Although the books and records and internal controls provisions only apply to issuers, issuers are not always large companies. These provisions make no explicit distinctions regarding the size of an issuer, but in the FCPA Guidance the DOJ and SEC sensibly acknowledge that a factor the enforcement agencies consider when evaluating an organization’s compliance program is the size of the organization. Specifically the Guidance states: ” small- and medium-size enterprises likely will have different compliance programs from large multi-national corporations, a fact DOJ and SEC take into account when evaluating companies’ compliance programs.”

Similarly, the DOJ’s November 2017 FCPA Corporate Enforcement Policy states: “implementation of an effective compliance and ethics program, the criteria for which will be periodically updated and which may vary based on the size and resources of the organization …”.

Despite this sensible FCPA enforcement agency guidance, does size actually matter?

Like many issues in the FCPA space, we know what we know and we don’t know what we don’t know.

What we know is that there appears to be no meaningful difference in enforcement agency theories (ranging from third party compliance best practices to internal controls best practices including the finance and audit function and training best practices) in large issuer enforcement actions compared to small issuer enforcement actions.

For instance, Nu Skin Enterprises (a small Utah based issuer) was held liable (seemingly on a strict liability theory see here, here and here for previous posts) for charitable donations made by a foreign subsidiary just like Schering-Plough (a large issuer) was held liable (see here for the prior post).

Likewise, Analogic (a small issuer in the medical device industry) was held liable (seemingly on a strict liability theory see here and here for prior posts) for third parties engaged by a foreign subsidiary) just like numerous large issuers have been.

Similarly, Akamai Technologies (a small issuer) was held liable (seemingly on a strict liability theory see here and here for prior posts) in ways indistinguishable from large issuer enforcement actions in connection with its Chinese subsidiary and alleged lack of formalized due diligence, proactively exercising audit rights, monitoring certain transactions, and employee training.

Finally (and several other enforcement actions could also be highlighted) SciClone Pharmaceuticals (a small issuer) was held liable (once again seemingly on a strict liability theory see here and here for prior post) in ways indistinguishable from large issuer enforcement actions in connection with the marketing and promotional activities of a Chinese subsidiary (including “golf in the morning and beer drinking the evening).

It is not just the enforcement theories in small issuer enforcement actions that seem indistinguishable from large issuer enforcement actions, but also the post-enforcement action compliance obligations imposed on settling companies as well.

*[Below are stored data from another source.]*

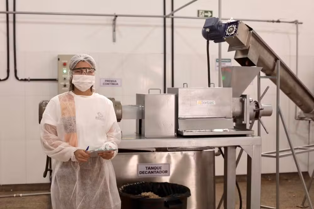 A agroindústria da Assoab adota soluções de circularidade e eficiência energética. Resíduos da casca da castanha são utilizados para alimentar a caldeira, enquanto sistemas de captação de água da chuva integram as operações. A associação também acessou recursos para a implantação de energia fotovoltaica, atualmente em fase de implementação.
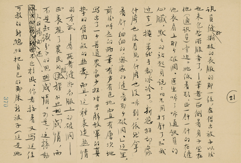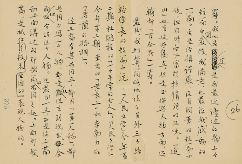 這一手稿是1958年寫的,我是搞畫史的,對文學史不是太了解,但里面有一個共通的現象,就是文藝為大眾服務越來越走向高潮,從這一手稿里面可以看出來。實際上當時有一個大背景,提倡寫短篇小說,別人容易看得明白,當時出了一批新作者,主要的目的是貼近生活。實際上從繪畫史的話,這些要求在畫史里面也存在的,這是可以相互參看的。
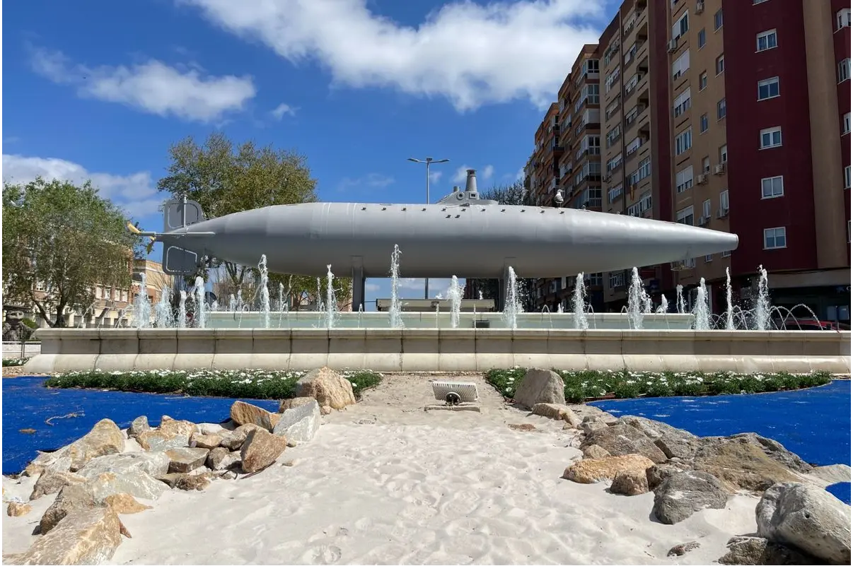 La actuación ha incluido la retirada del antiguo recubrimiento de cristal azul, que había perdido funcionalidad y estética con el paso del tiempo. Sobre el terreno, se ha llevado a cabo un proceso de nivelación mediante arena de sílice, seguido de la instalación de una malla antihierba que garantiza la durabilidad del conjunto. La superficie resultante se ha cubierto con césped artificial de tonalidad azul, una elección que recrea visualmente el mar y envuelve al submarino en un entorno más sugerente.
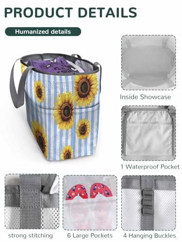 Beach Bags Women Mesh Tote Bag Rustic Pastoral Sunflower Toy Grocery Pool Bag with Pockets for Travel/Picnic/Shower 7
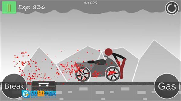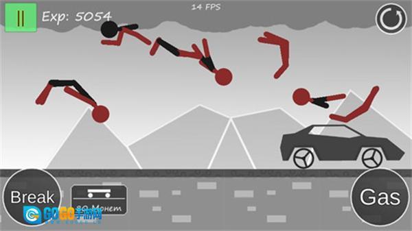 3、在赛道行进中,载具会撞击火柴人角色,持续行驶可积累Exp,需保持载具稳定移动,碰撞角色进行攻击获得分数。
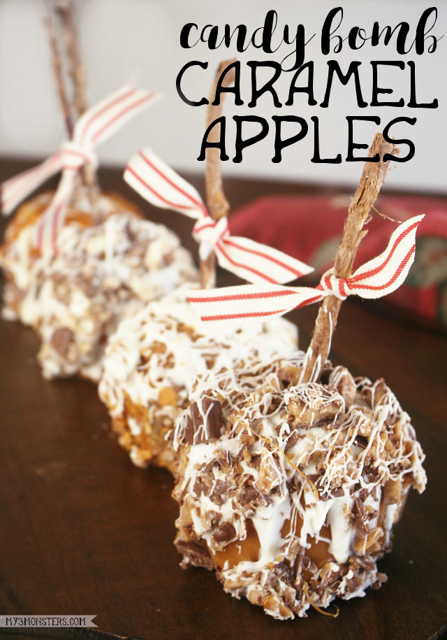 Hi, guys!! I have a pressing concern on my mind today. A question for the ages -- Why do we only eat caramel apples in the fall?! They’re so yummy. The perfect balance of sweet and tart, healthy and …. not healthy. I always forget HOW MUCH I like them until September/October rolls around and I start seeing them all over the craft and food blogosphere and simply MUST have one. You guys, they’re delicious with a capital D. Especially when you roll ‘em in white chocolate and the equivalent of a chopped up full-size candy bar. {Maybe that’s why they are a once-a-year indulgence!} Need a great way to use up your leftover Halloween candy next week? I got you. Make a few of these “Candy Bomb” caramel apples.
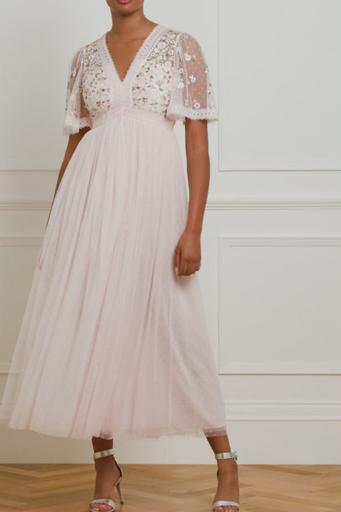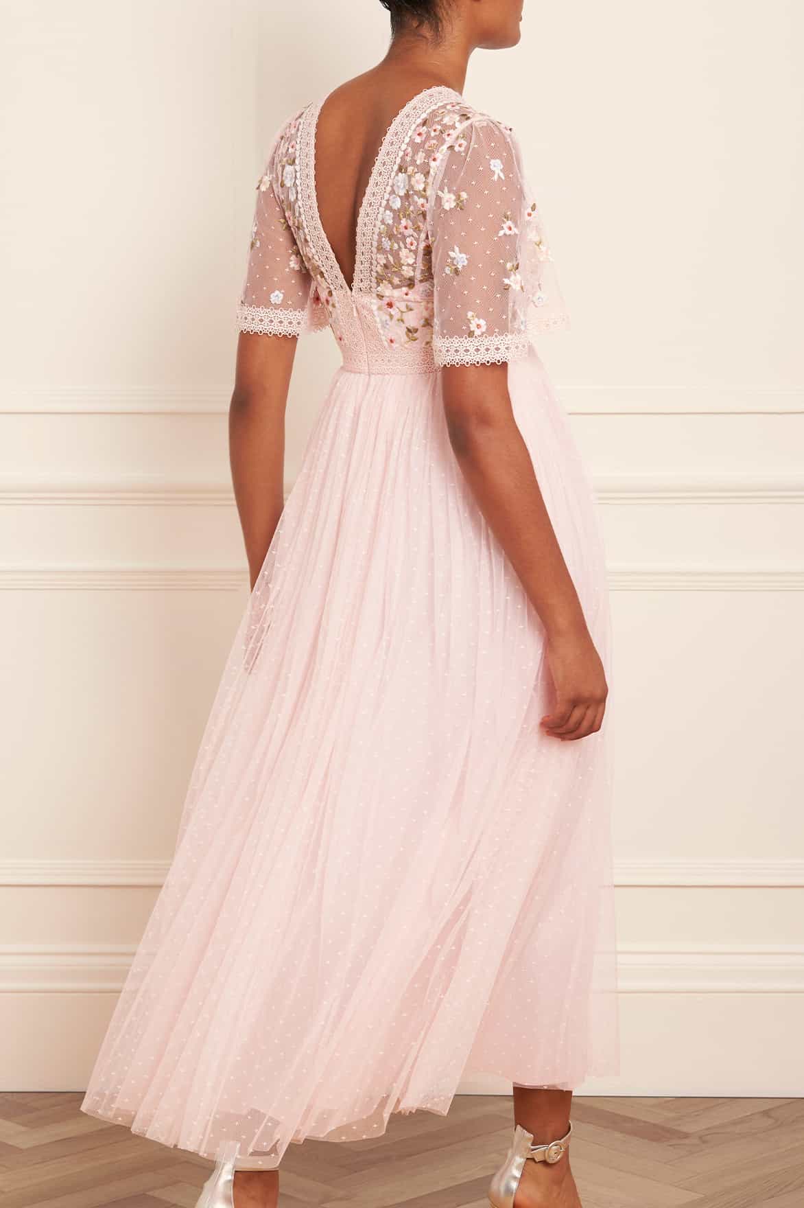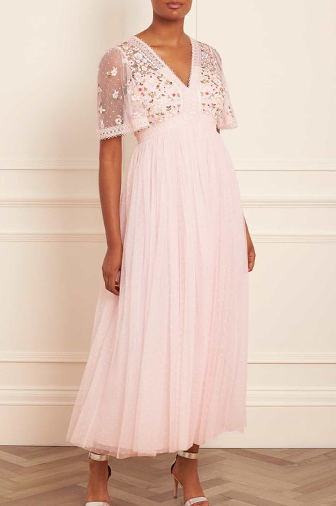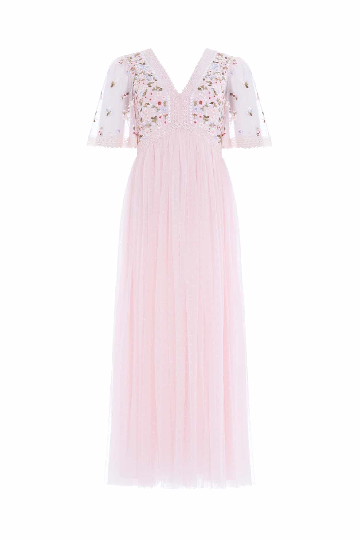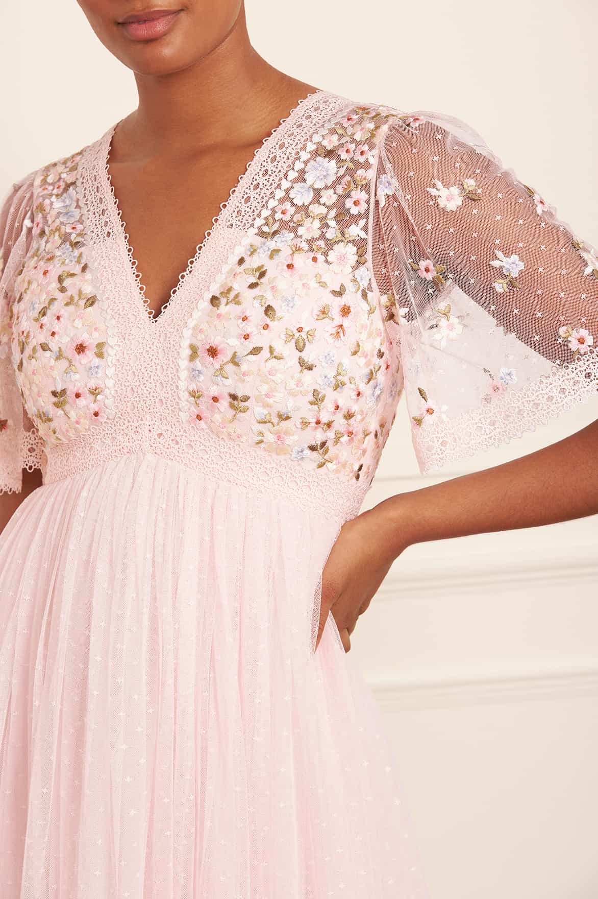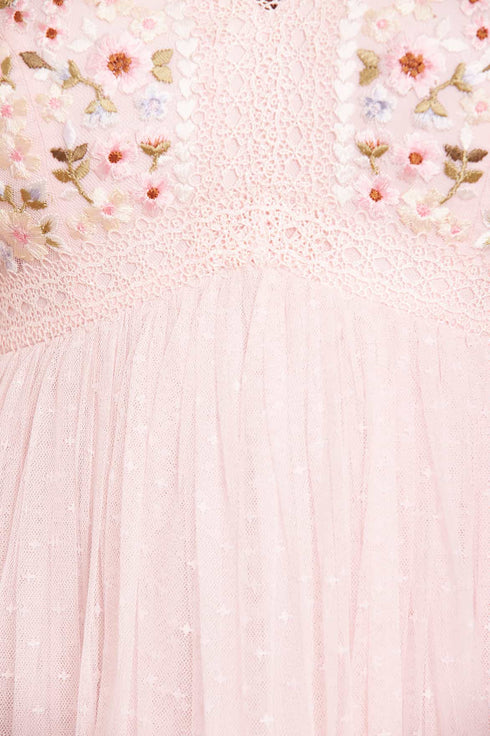 The Garland Ribbon Bodice Ankle Gown in Peony Pink. This embroidered gown is inspired by Victorian lace trims. The bodice of this gown is designed beautifully with floral embroideries in soft pastel tones. Developed with a V-shaped waist seam to create a flattering, effortless fit. This gown is adorned with intricate lace trims for signature Needle & Thread detailing. Crafted with a layered tulle skirt, creating romantic, effortless styling. The perfect piece for a special occasion.
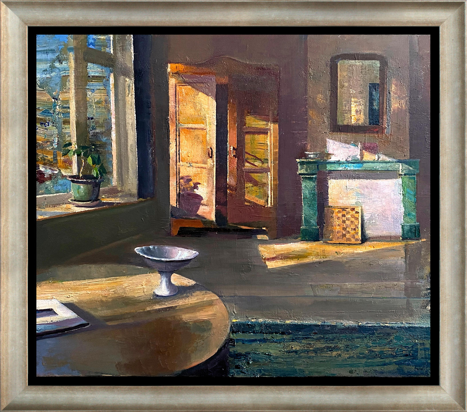 Het schilderij is 37 x 43 cm en voorzien van een zilveren houten baklijst. De totale afmeting is 49 x 55 cm
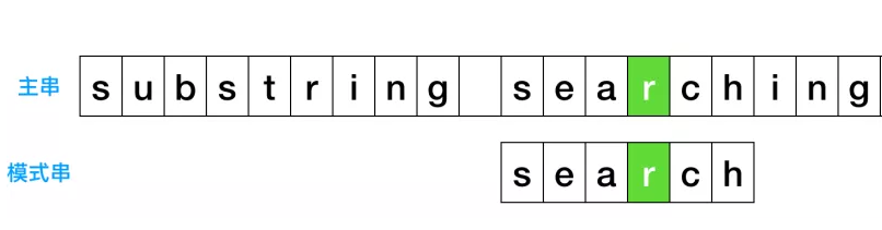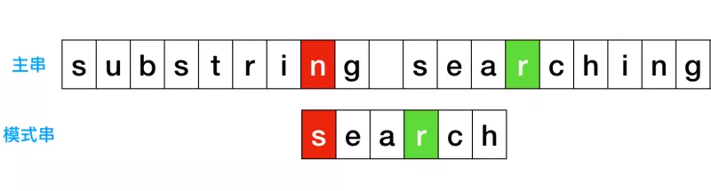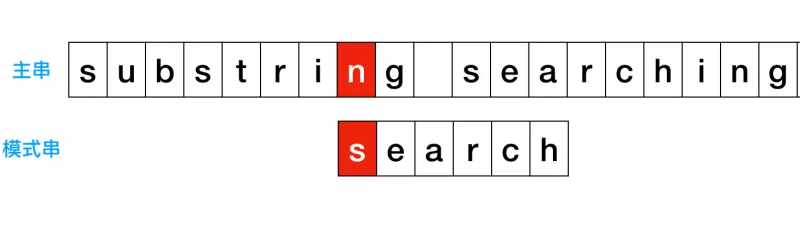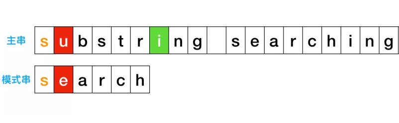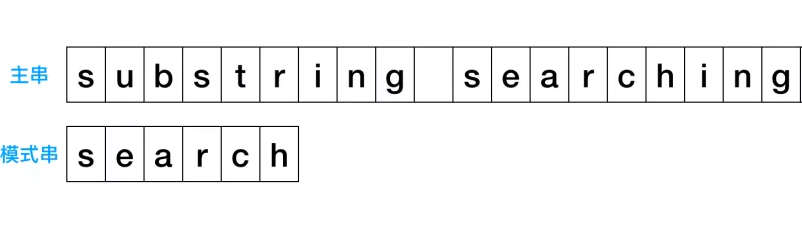 假定现在要在主串substring searching xiaowu 中查找模式串 search 。
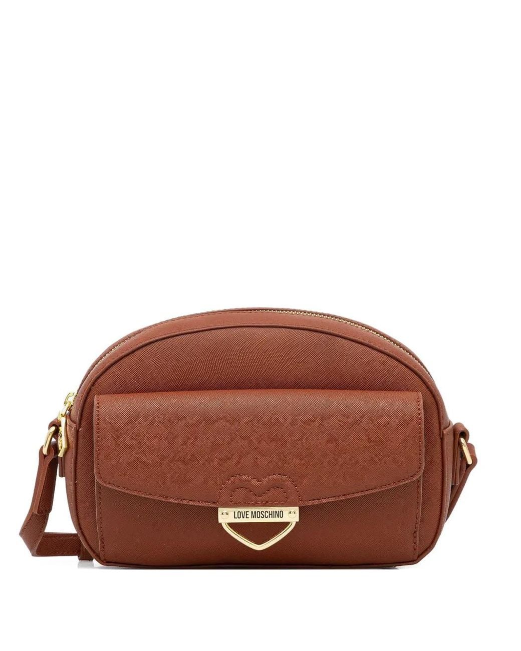 ブラウン ハートモチーフ 調節可能なショルダーストラップ ゴールドトーンの金具 前面にフラップポケット ファスナー Size: ワンサイズ. Gender: Female. Material:ポリウレタン. カラー: ブラウン
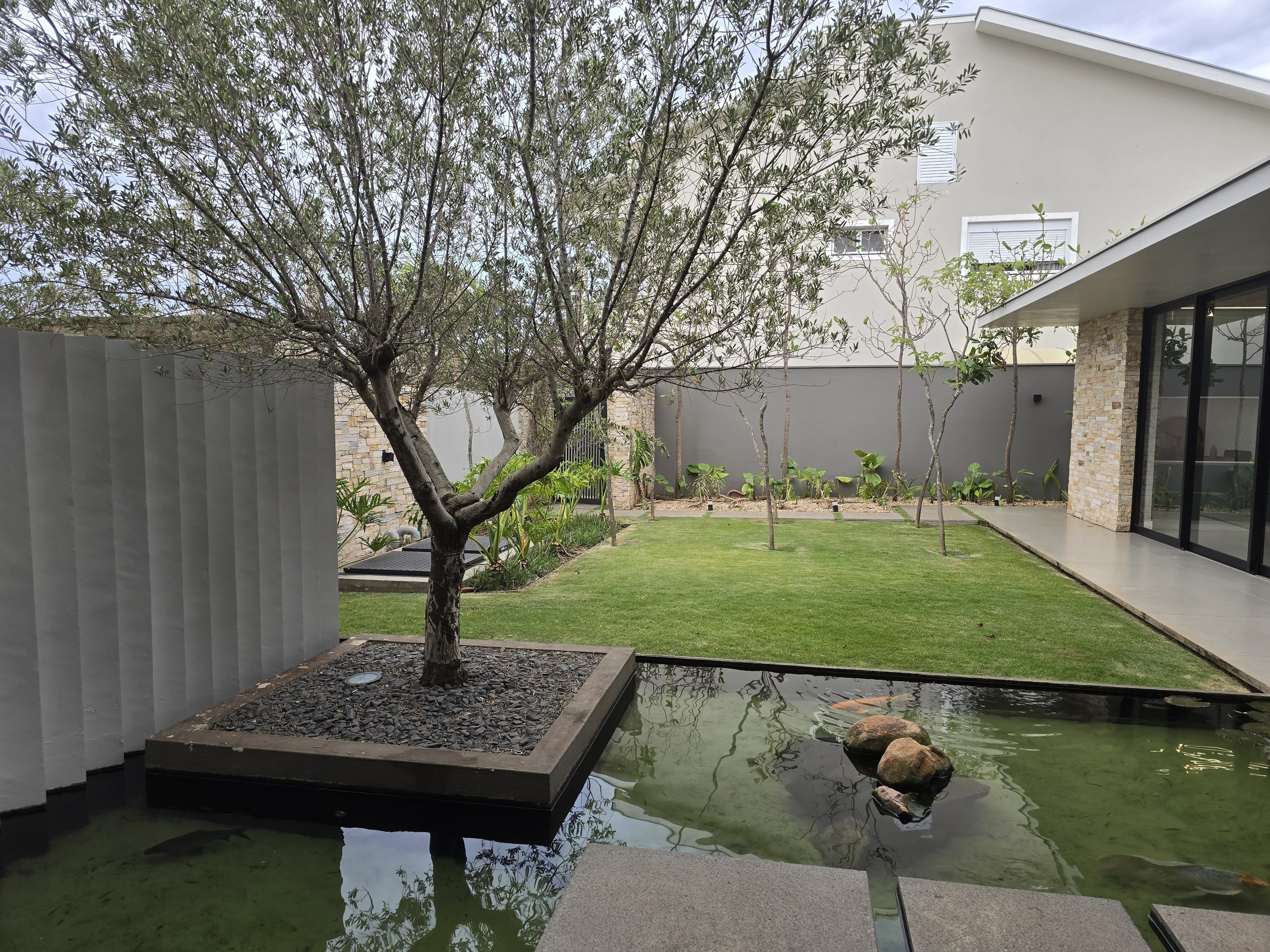 Lago Artificial com peixes e um pé de oliveira
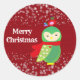 Kid's Red Merry Christmas Green Owl Party Crafts Classic Round Sticker
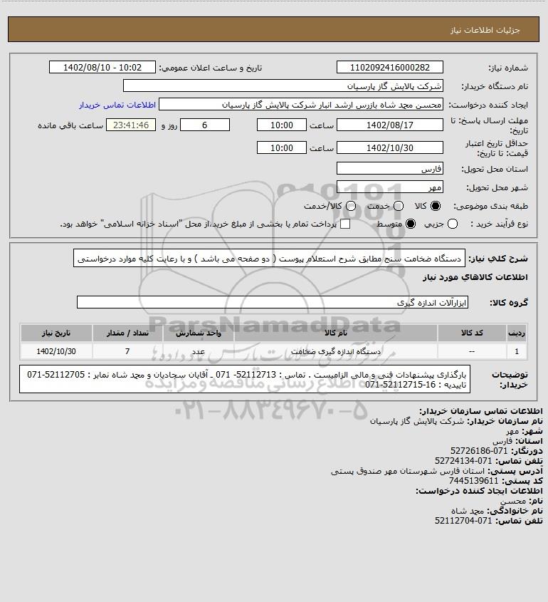 نام دستگاه خریدار:شرکت پالایش گاز پارسیان
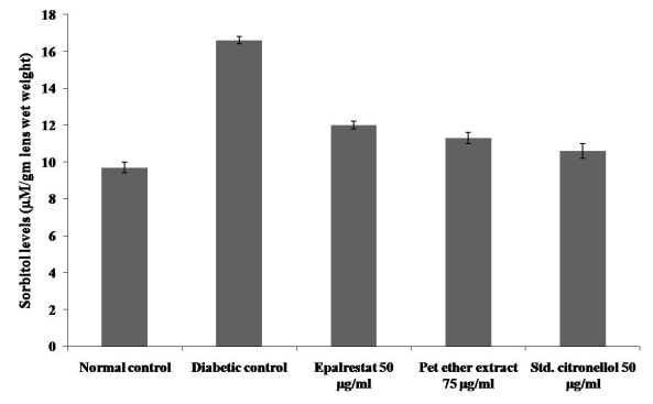 The goat eyeballs were obtained immediately after sacrification from a slaughterhouse and were transported to the laboratory at 0–4°C. The lenses were removed by extracapsular extraction and incubated in modified M-199 medium by the method of Kumar et al [21]. The lenses were divided into following groups (n= 6 in each group) - Group I - 5.5 mM glucose (normal control), group II- 50 mM glucose (diabetic control), group III- glucose 50 mM + Epalrestat 50 µg/ml, group IV- glucose 50 mM+ Pet ether extract 75 µg/ml, group V- glucose 50 mM + Citronellol 50 µg/ml. These lenses were incubated for 72 hrs at 37°C. The sorbitol content was determined by the method used by Hye- Lim Noh et al [22] with some modifications. After 72 hr incubation the lenses were homogenized and de proteinised by perchloric acid followed by neutralization then 2 ml assay mixture contained 0.1 ml of homogenate, 0.2 M glycine -NaOH buffer pH 9.4, 200 µM NAD+. Reaction was started by addition of 0.7 U/ ml sorbitol dehydrogenase enzyme and the absorbance was measured at 340 nm after 10 min.
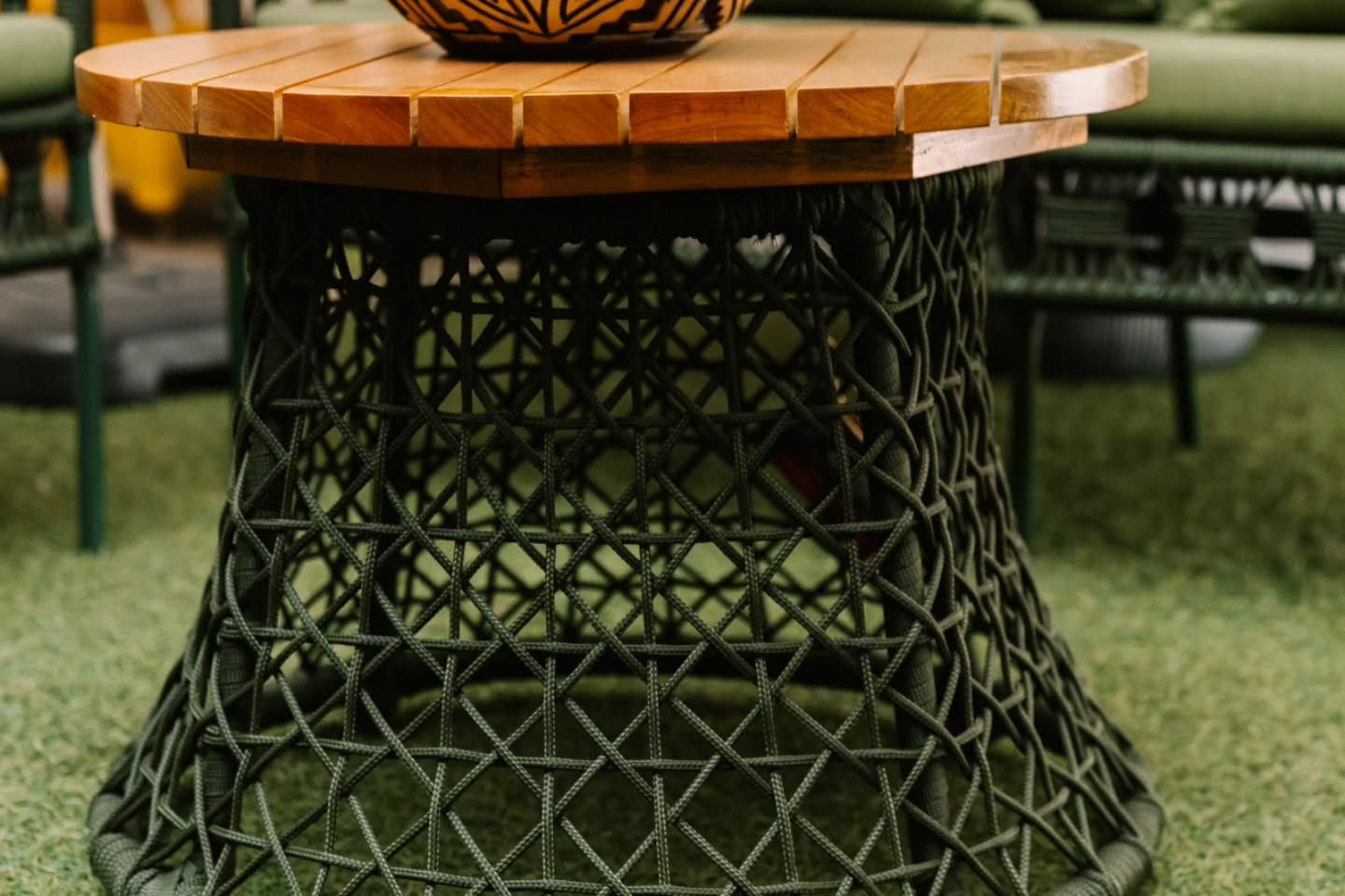 As cadeiras, com estrutura em madeira maciça e tela natural, complementam a composição com leveza e um charme artesanal, tornando o conjunto ideal para quem busca beleza, resistência e versatilidade no dia a dia.

For instance, Attachment C “Compliance Obligations” in the Dallas Airmotive (a small provider of aircraft engine maintenance, repair and overhaul services) DPA is substantively indistinguishable from Exhibit C “Corporate Compliance Program” in the Alstom (a large multinational with 30,000+ employees) plea agreement.

Likewise, Attachment B “Corporate Compliance Program” in the PTC (a small software company) NPA is substantively indistinguishable from Attachment C “Corporate Compliance Program” in the Teva Pharmaceuticals (a large multinational with 40,000+ employees) DPA.

In short, the DOJ and SEC have sensibly stated that size matters, but to what extent (based on enforcement theories and post-enforcement action compliance obligations) is the open question?